Rate Limits

Relay enforces rate limits to ensure fair usage and platform stability. This page explains how rate limiting works and how to handle rate limit errors.

Rate Limit Structure

Rate limits are applied per app and scoped to your organization. Different organizations have different limits based on their plan.

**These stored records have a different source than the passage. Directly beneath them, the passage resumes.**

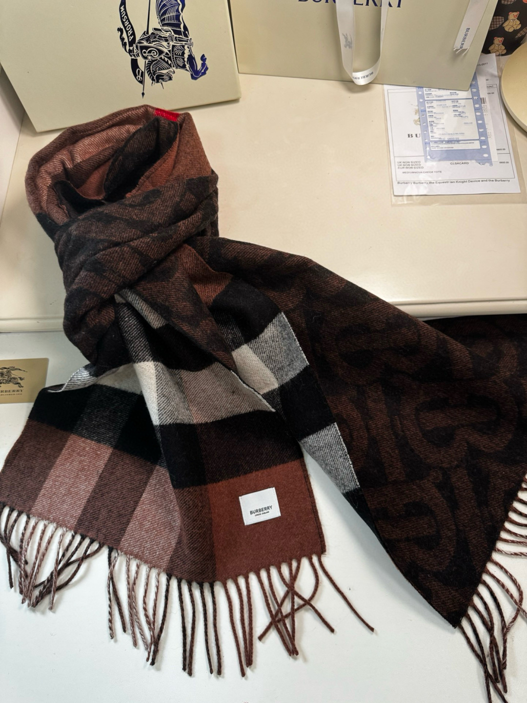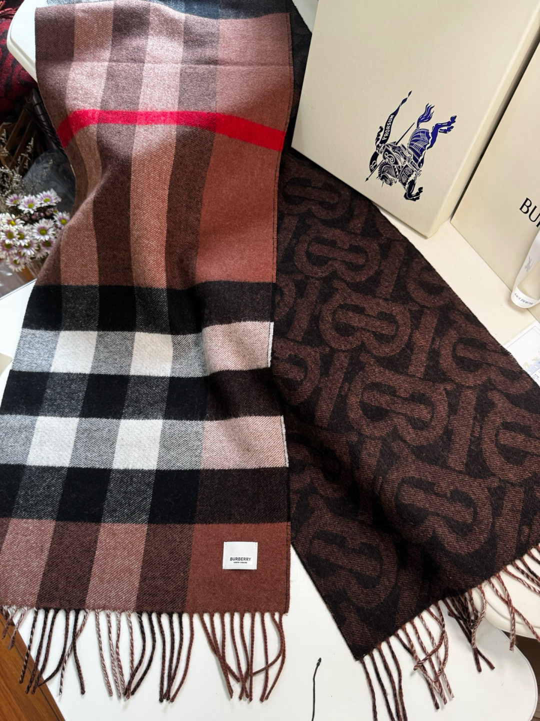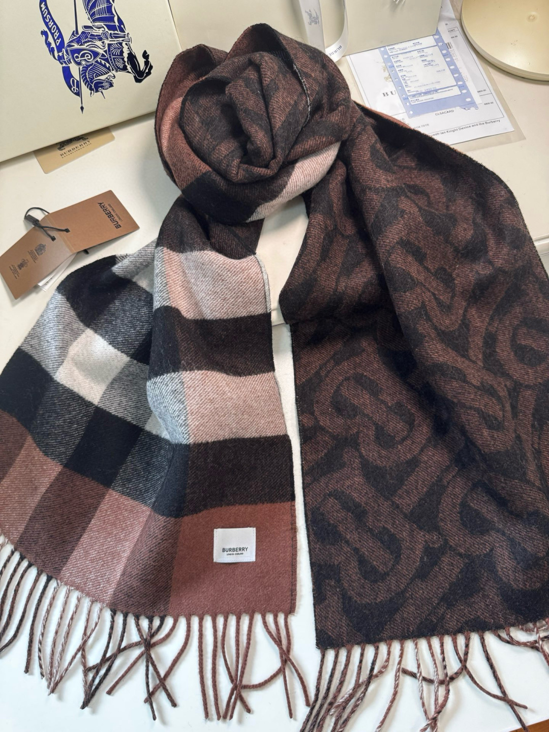 P160 🆕❗️高版合股纱 · 法国的外贸订单 ❗️Bur经典款TB典藏款系列❗️提花精纺羊绒围巾,产自苏格兰工坊,装饰格纹拼品牌专属标识图案。面料在苏格兰高地清泉水中浸泡涤荡,再采用起绒草拉绒工艺,悉心打造出柔软触感❗️ 200 x 36cm 100%羔绒 长方形 两端流苏装饰 专业干洗 苏格兰制
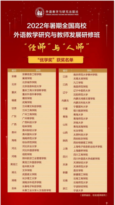 为鼓励认真学习的广大教师和积极组织教师参研、交流的院校,本年度研修班特别设置面向教师的“乐思奖”“乐学奖”“乐享奖”“乐评奖”和面向院校的“优学奖”与“优研奖”,以奖励为推进跨区域、跨校联动,协同提升育人成效所做的贡献。根据各院校累积参研学时,每个省份评选出2所院校获得“优学奖”奖励,10月25日晚公布了获奖结果,我校荣获2022年暑期全国高校外语教学研究与教师发展研修班“优学奖”。
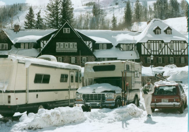 Back then it was okay to park in the parking lots with your RV, the only requirement was when the parking lot had to be cleared of snow they needed you to move your rig out of the way for the snow plows and then you just move back into your spot.
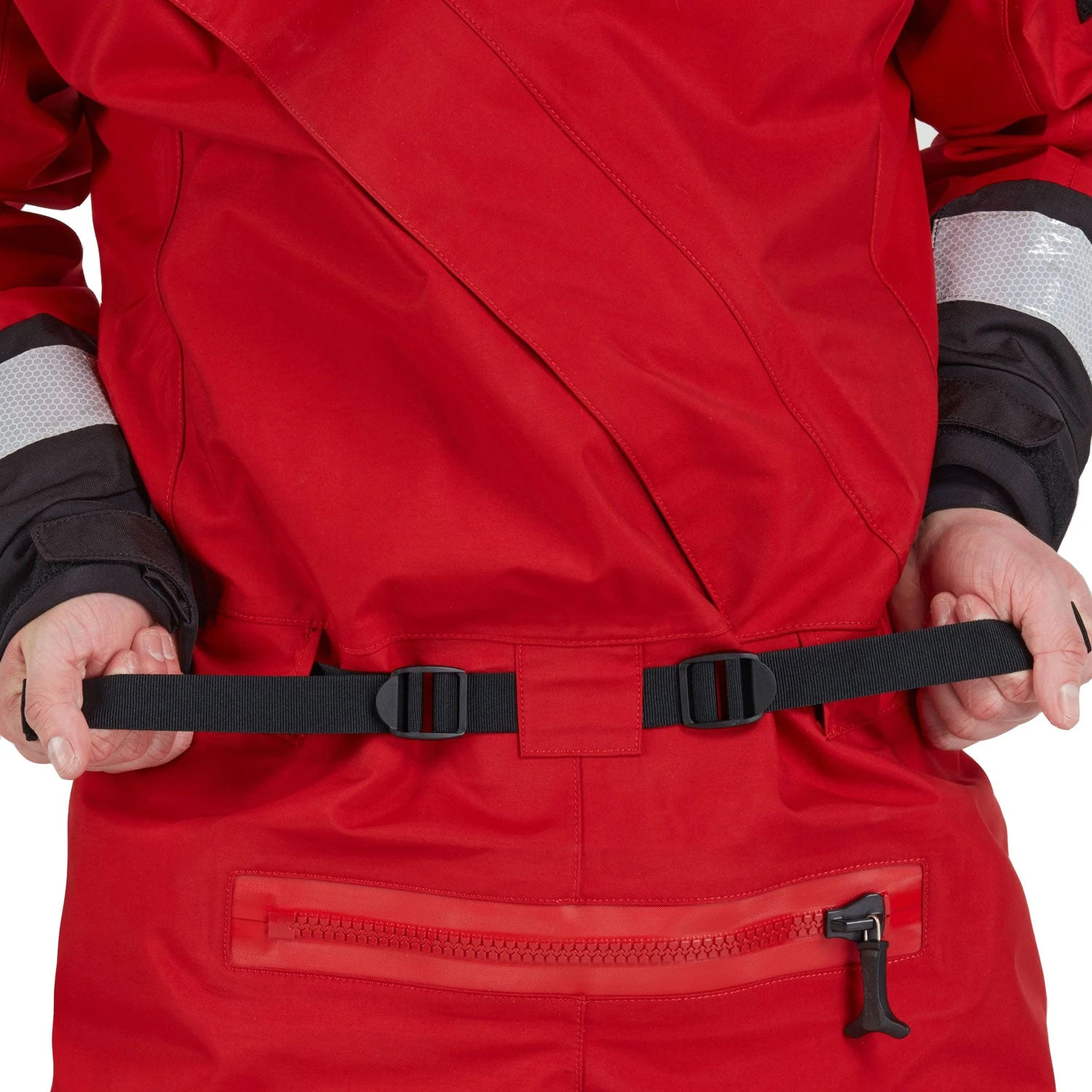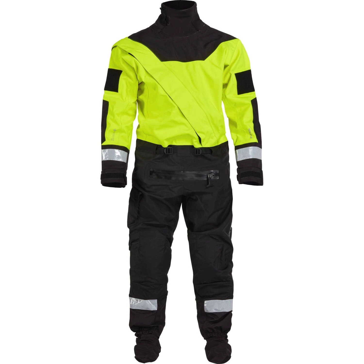Versatile and warm, the NRS Ascent SAR GORE-TEX Dry Suit aids in professional Swiftwater rescue operations. Its recycled GORE-TEX fabric provides comfort, warmth, and durability for diving in icy water while its flexible fabric offers mobility for dynamic movements.
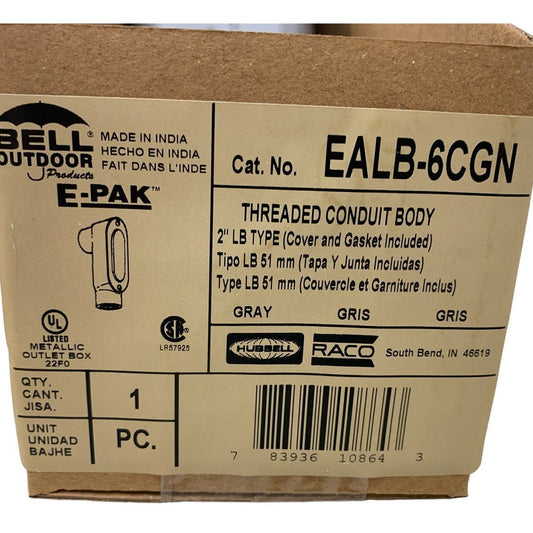New Hubbell Bell Outdoor EALB-6CGN 2" LB Type Threaded Conduit Body Cover Gasket

Standard Limits (Free/Starter Plan)

Limit	Value	Notes
Events per minute	60	Per app
Events per hour	3,600	Per app
Max concurrent events	10	Per app
Payload size	64KB	Per event

Scale Plan Limits

Limit	Value	Notes
Events per minute	300	Per app
Events per hour	18,000	Per app
Max concurrent events	50	Per app
Payload size	64KB	Per event

Enterprise Plan Limits

Contact sales for custom limits.

How Rate Limiting Works

Relay uses a token bucket algorithm:

Your app starts with a budget of tokens
Each event sent costs 1 token
Tokens are refilled every minute at a fixed rate
When you run out of tokens, new events are rejected

Example: 60 Events Per Minute

Start of minute 1:
  Budget: 60 tokens
  You send 30 events (30 remaining)

After 30 seconds:
  Budget: 30 (no new tokens yet)
  You send 20 events (10 remaining)

Start of minute 2:
  Budget: 60 tokens (refilled)
  You send 50 events (10 remaining)

Rate Limit Error Response

When you exceed your rate limit, you receive:

{
  "type": "error",
  "event_id": null,
  "agent_id": "athena",
  "error": "Rate limit exceeded: 60 events per minute (Starter plan)",
  "code": "RATE_LIMITED"
}

The response includes:

code: Always "RATE_LIMITED"
error: Human-readable message with your limit
HTTP 429 status code

Handling Rate Limits

Option 1: Queue Internally

Buffer events and send them at a steady rate:

import asyncio
from collections import deque

class EventQueue:
    def __init__(self, events_per_minute=60):
        self.events_per_minute = events_per_minute
        self.min_interval = 60 / events_per_minute  # seconds per event
        self.queue = deque()
        self.last_sent_time = 0

    async def enqueue(self, agent_id, thread_id, payload):
        """Add event to queue"""
        self.queue.append((agent_id, thread_id, payload))
        await self.process_queue()

    async def process_queue(self):
        """Send queued events at rate limit"""
        while self.queue:
            agent_id, thread_id, payload = self.queue.popleft()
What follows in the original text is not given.